Task item →
With the pictures left aside, write out exactly the lines of the listing below from the line with "賞金ランクトップで最終戦を迎" to the line with "There are still", both included, and only those.

Given data →

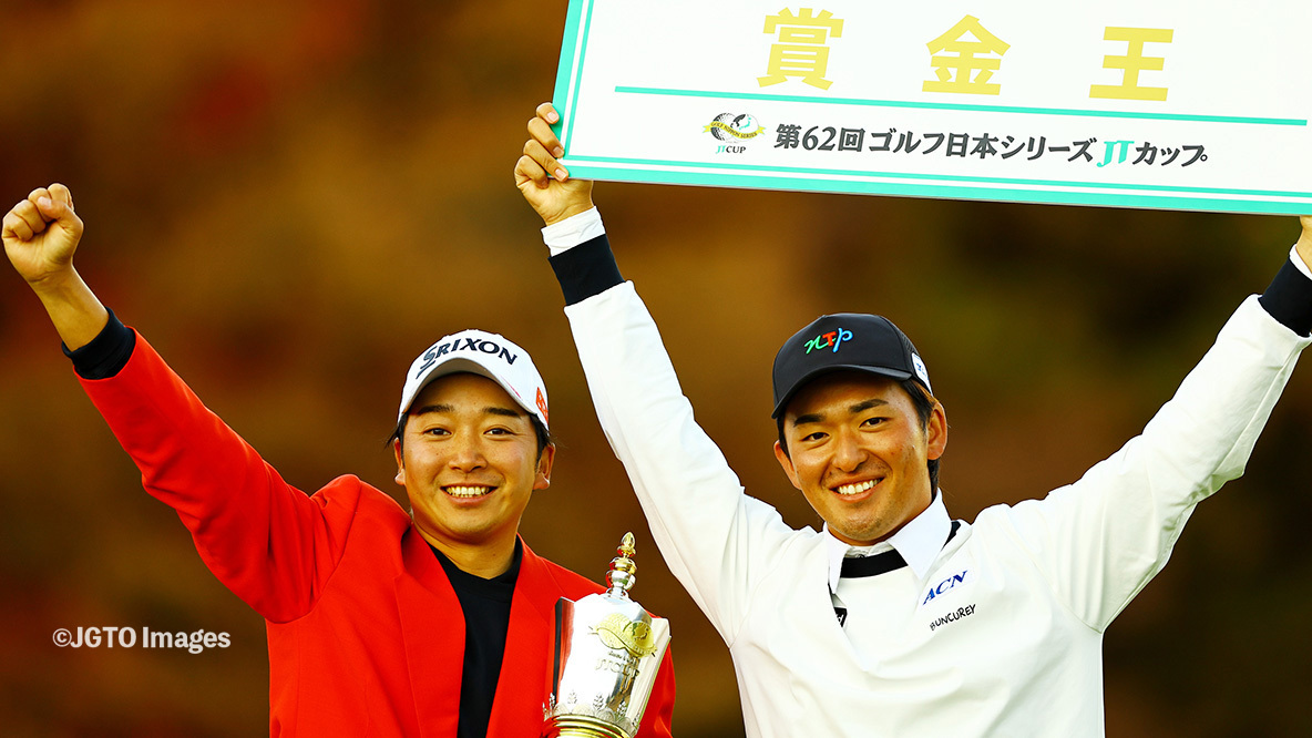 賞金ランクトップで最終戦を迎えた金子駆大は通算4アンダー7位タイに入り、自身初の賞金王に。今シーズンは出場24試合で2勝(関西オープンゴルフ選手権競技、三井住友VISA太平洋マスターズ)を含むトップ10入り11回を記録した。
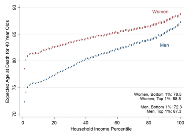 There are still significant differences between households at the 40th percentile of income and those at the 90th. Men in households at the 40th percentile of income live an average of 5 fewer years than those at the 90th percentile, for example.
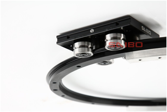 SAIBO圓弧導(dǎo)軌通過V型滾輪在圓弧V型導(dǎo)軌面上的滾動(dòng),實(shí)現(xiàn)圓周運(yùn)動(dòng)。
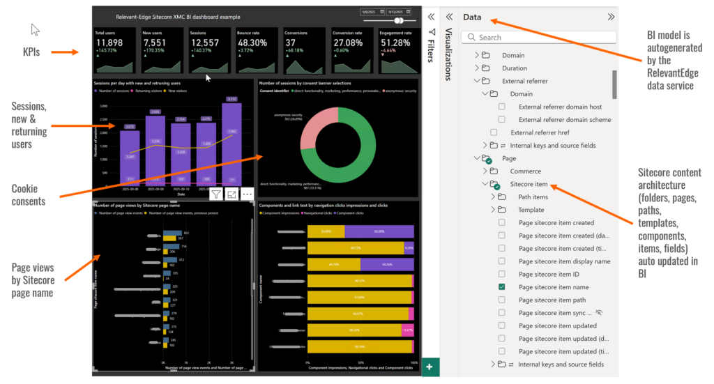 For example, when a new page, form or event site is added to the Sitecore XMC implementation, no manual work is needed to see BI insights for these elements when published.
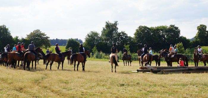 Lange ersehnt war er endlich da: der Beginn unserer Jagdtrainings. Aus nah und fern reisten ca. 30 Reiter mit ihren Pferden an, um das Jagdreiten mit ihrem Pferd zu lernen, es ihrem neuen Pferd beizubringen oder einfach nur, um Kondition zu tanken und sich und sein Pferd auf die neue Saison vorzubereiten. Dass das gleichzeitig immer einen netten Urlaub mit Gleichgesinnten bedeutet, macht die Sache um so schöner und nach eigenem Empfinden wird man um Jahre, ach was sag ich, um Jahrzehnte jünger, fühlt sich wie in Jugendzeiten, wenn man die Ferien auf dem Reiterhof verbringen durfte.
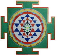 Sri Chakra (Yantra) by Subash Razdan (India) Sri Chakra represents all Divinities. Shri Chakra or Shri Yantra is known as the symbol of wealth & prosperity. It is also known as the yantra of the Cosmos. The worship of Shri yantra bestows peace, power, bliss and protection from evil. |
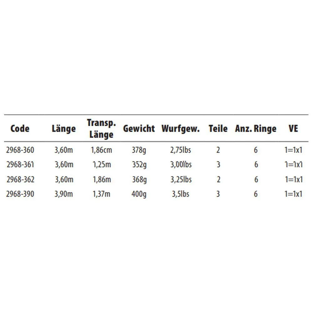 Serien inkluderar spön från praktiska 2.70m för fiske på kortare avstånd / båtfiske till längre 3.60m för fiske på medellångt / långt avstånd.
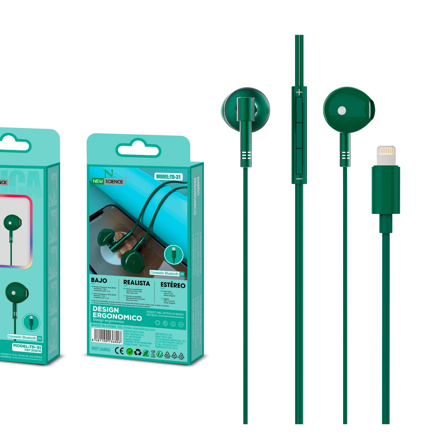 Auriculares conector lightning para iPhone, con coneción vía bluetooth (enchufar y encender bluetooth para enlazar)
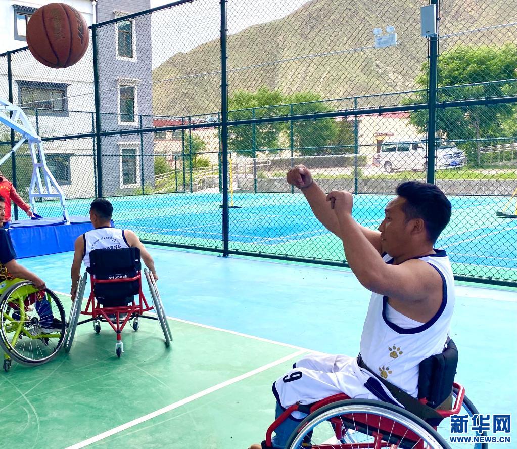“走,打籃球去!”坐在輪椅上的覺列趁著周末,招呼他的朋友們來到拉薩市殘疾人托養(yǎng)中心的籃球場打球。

==

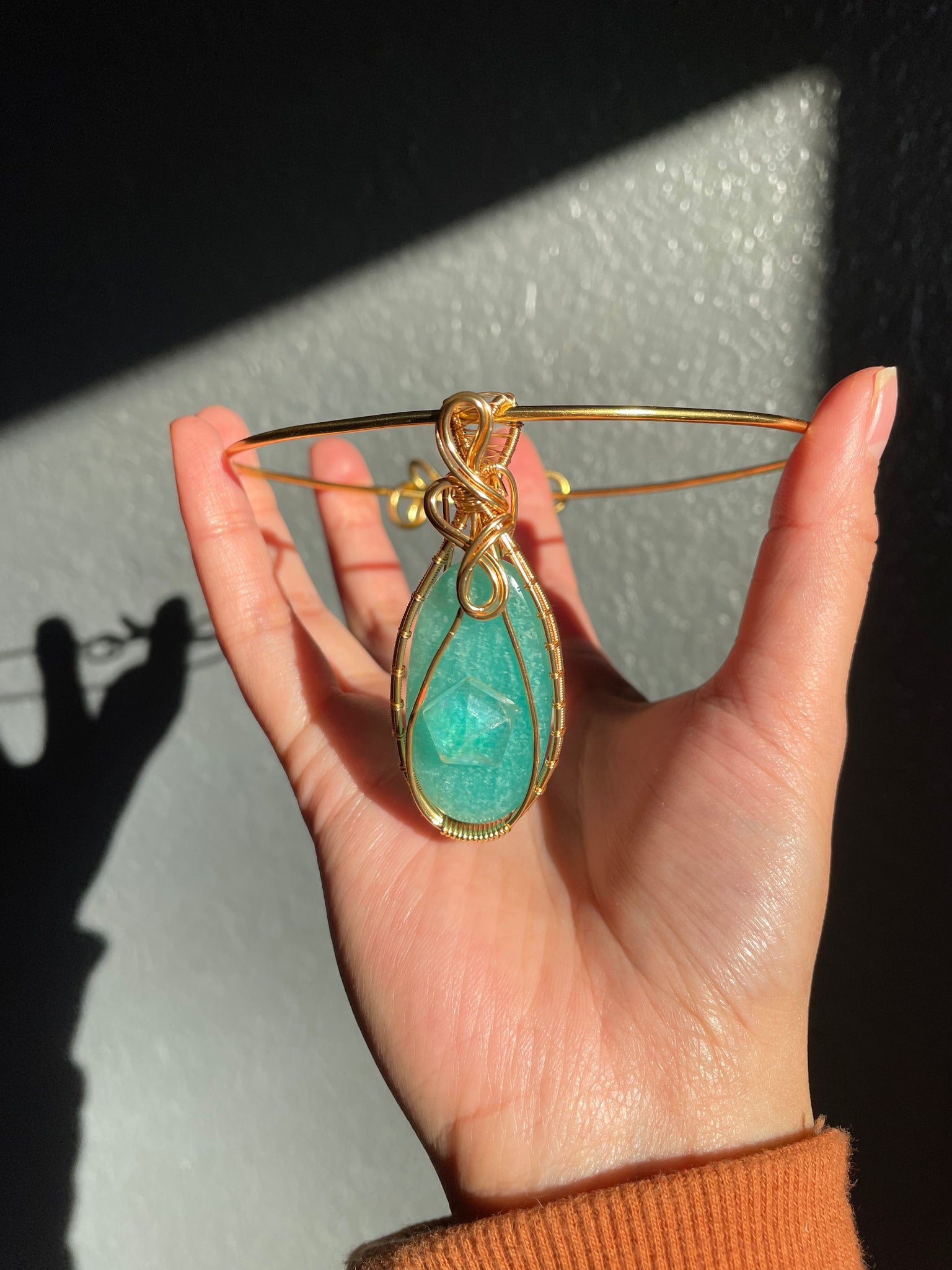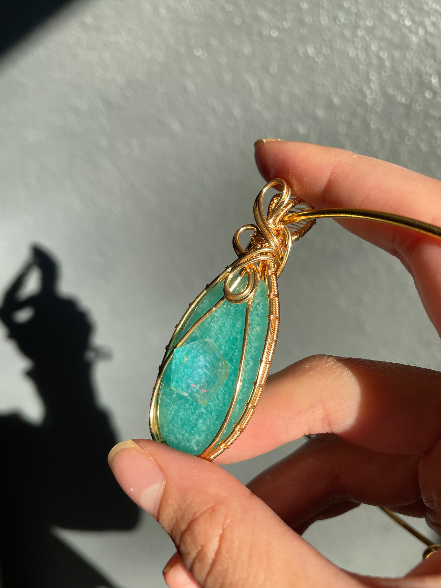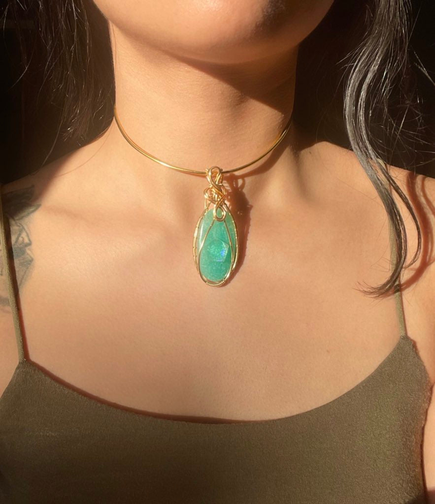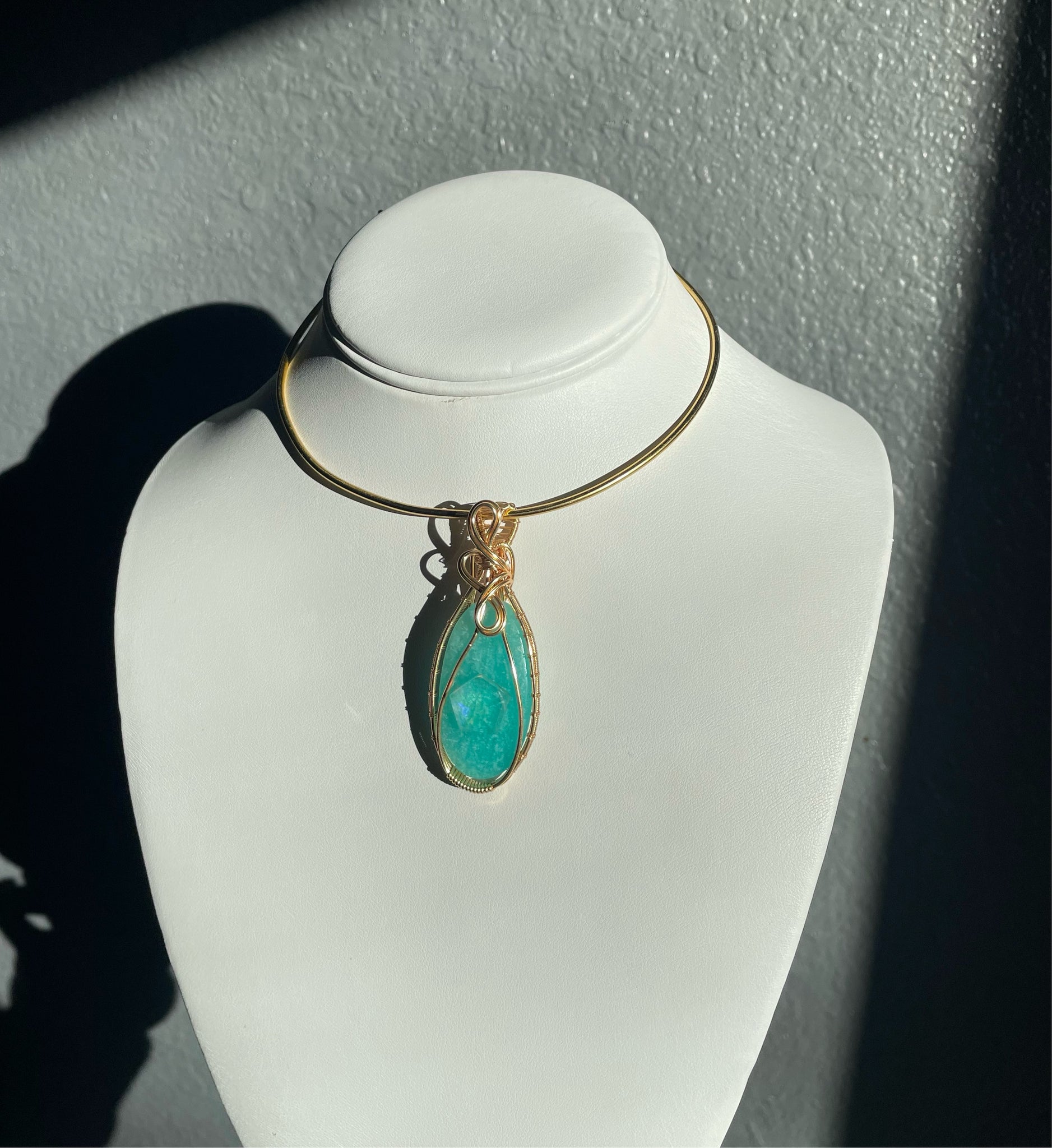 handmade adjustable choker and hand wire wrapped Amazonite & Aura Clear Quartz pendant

---

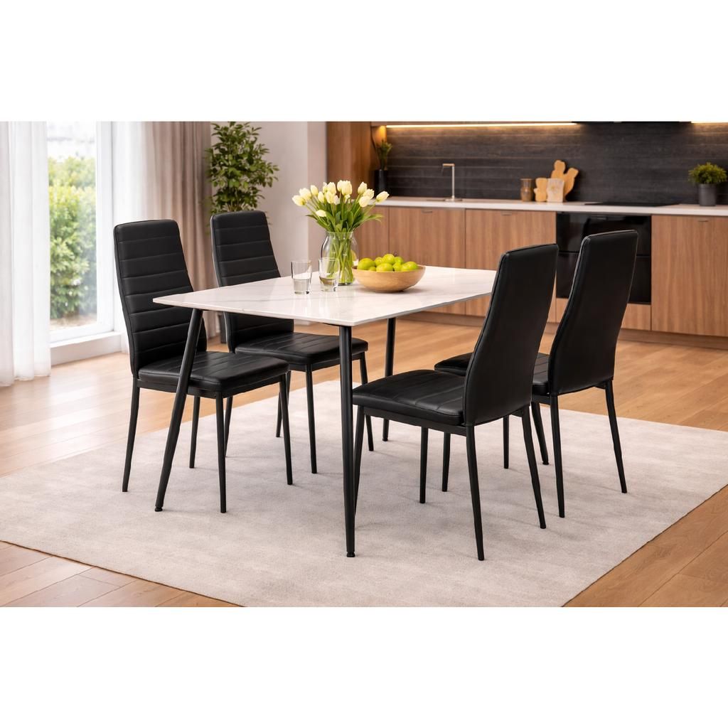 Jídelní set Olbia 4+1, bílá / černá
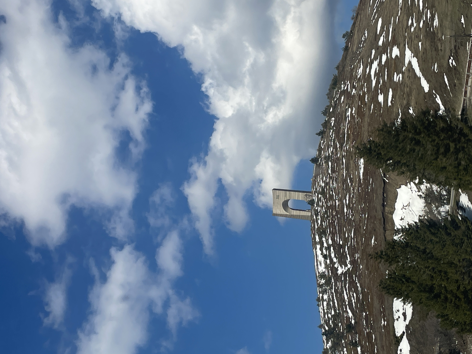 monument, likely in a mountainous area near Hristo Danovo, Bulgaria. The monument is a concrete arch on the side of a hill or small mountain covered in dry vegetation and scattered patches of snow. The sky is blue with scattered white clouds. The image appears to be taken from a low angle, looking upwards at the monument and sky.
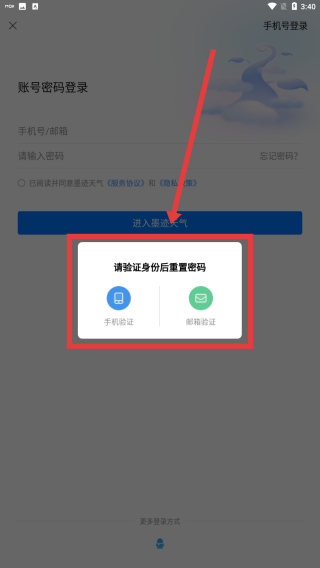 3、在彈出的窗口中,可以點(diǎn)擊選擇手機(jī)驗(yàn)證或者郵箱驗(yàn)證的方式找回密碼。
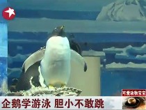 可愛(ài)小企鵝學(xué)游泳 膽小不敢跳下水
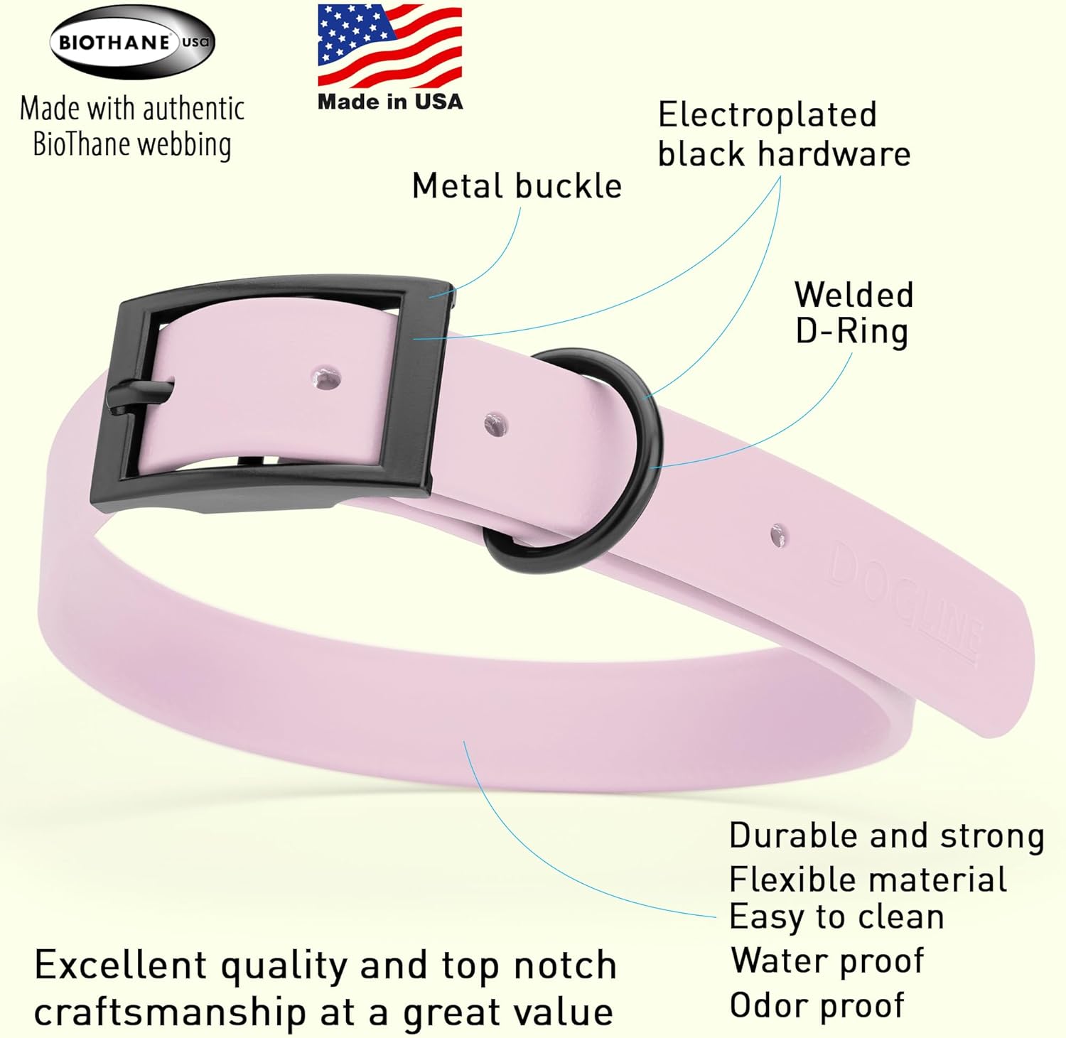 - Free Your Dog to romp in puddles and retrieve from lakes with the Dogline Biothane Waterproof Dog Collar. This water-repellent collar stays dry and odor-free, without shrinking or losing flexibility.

Output of the exercise →
 賞金ランクトップで最終戦を迎えた金子駆大は通算4アンダー7位タイに入り、自身初の賞金王に。今シーズンは出場24試合で2勝(関西オープンゴルフ選手権競技、三井住友VISA太平洋マスターズ)を含むトップ10入り11回を記録した。
 There are still significant differences between households at the 40th percentile of income and those at the 90th. Men in households at the 40th percentile of income live an average of 5 fewer years than those at the 90th percentile, for example.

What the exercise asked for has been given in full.